При всем при этом вплоть до середины нулевых официально не издавались концертники пикового Спрингстина, можно было только по отдельным трекам одного сборника кое-как представить, что он там такое живьем играл, чем, вроде как, себя вписал в историю. Для сравнения, The Who свой главный концертный альбом выпустил прямо в тот момент, когда главной живой рок-группой планеты и являлись. И вот в конце 2021-го у Спрингстина выходит запись концерта 1979 года, да еще и с подписью «легендарный» – ну что может быть неинтереснее?
Запись представляет собой, собственно, звуковую дорожку тоже впервые вышедшего фильма-концерта, где нарезаны два дня выступлений Спрингстина и его группы на фестивале против атомной энергии (собранном по случаю катастрофы на станции Три-Майл-Айленд – сериал «Чернобыль» американцы легко могли снимать прямо у себя в Пенсильвании). Выступающих было много, и даже в сумме два выступления дают только полтора часа – обычное шоу Спрингстина легко длилось три часа, даже когда у него и хитов-то особо не было. На концерт Спрингстин сорвался из студии, где писал новый альбом, и поэтому сет-лист представляет собой кашу-малашу из привычных для группы вещей раннего периода и еще необкатанных будущих стандартов. В сумме эта гора необязательностей, неудобств и неуместностей волшебным образом создала ситуцию для лучшего концерта Спрингстина в карьере (ну вы же не думали, что слово «легендарный» в названии появилось просто так?), который заодно является, может быть, идеальным сборником его лучших песен 70-х, ну и, конечно, уже в таком качестве – одним из лучших альбомов музыки 70-х. Теперь, скажите, захотелось?

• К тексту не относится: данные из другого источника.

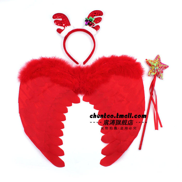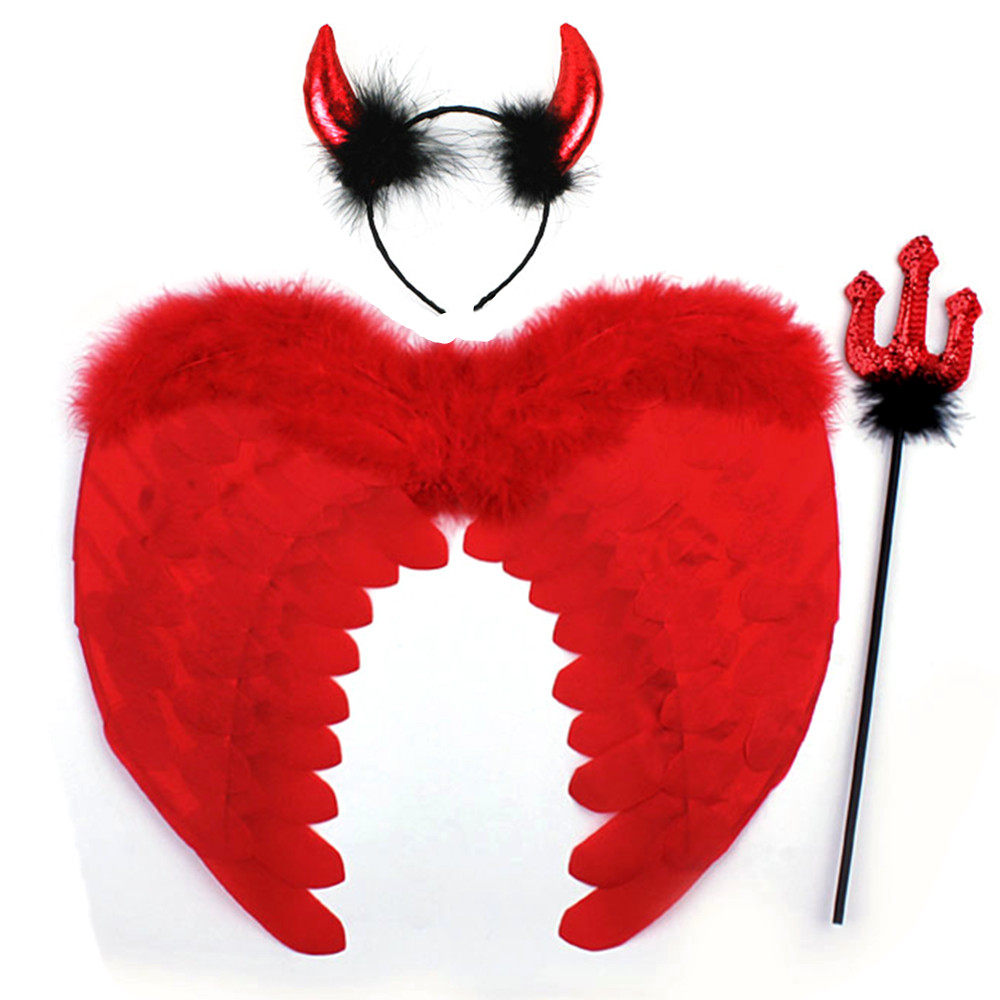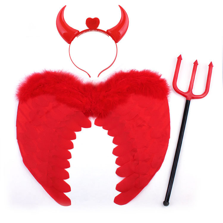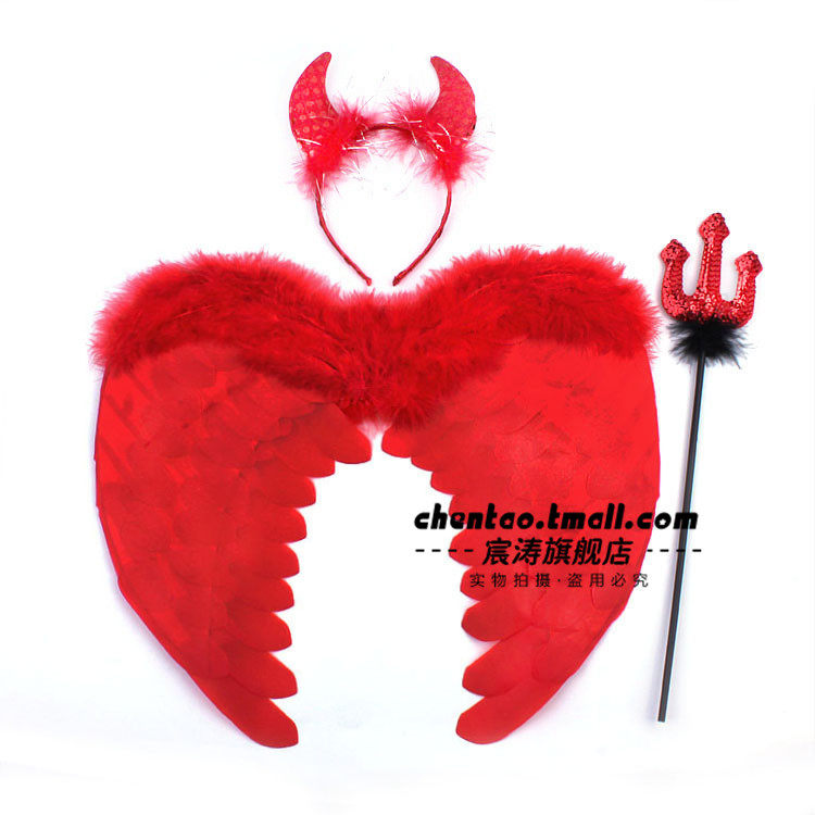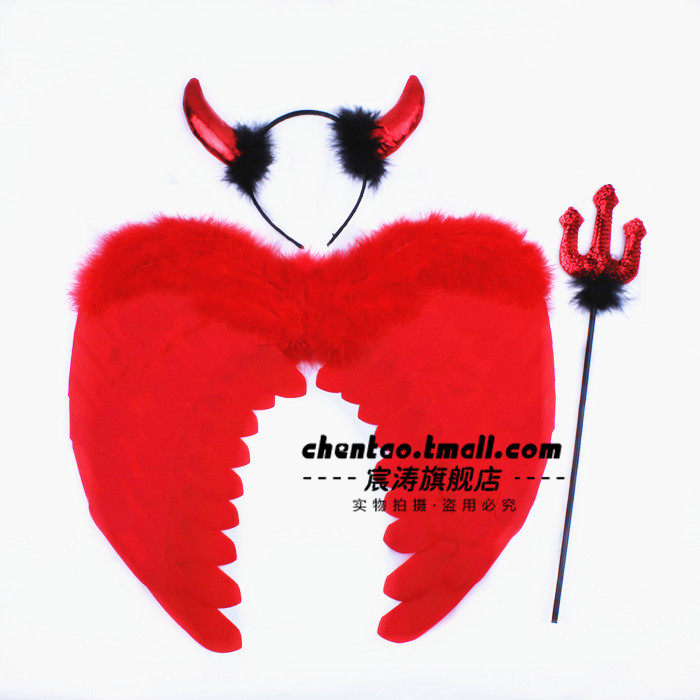 宸涛 Хэллоуин заправки перья крылышки демон красные перья крылышки+рога+корова вилка

Концерт сыгран, как и все концерты Спрингстина периода его наибольшей славы, на пределе интенсивности. Барабанщик стучит как не в себя, гитарист (кстати, Стивен Ван Зандт – Сильвио Данте из «Клана Сопрано») и клавишник свои партии играют лихо и ярко, периодически врывается бешеный, хотя и совсем не джазовый, саксофон. Сам Спрингстин поет так страстно, что хочется только анахронично сравнивать с пиковыми моментами молодого Джулиана Касабланкаса – большей частью его пение представляет собой белый соул, белый фанк, белый R’n’B, но на такой степени осатанения, что дальше уже начинается одержимость и вообще вопросы к ментальному здоровью. Но в отличие от всех остальных, задокументированных или известных нам только со слов очевидцев концертов, «No Nukes» из-за своей скоротечности вообще не имеет перепадов напряжения – там, где в трехчасовом сете Спрингстин отвлекся бы на медляк или даже прямо сделал бы перерыв, тут он с группой от начала и до конца шпарит на пределе концентрации. Если вас не тряханет на первых же «Prove It All Night» и «Badlands», то, ну, проверьте колонку, может быть, она просто выключена.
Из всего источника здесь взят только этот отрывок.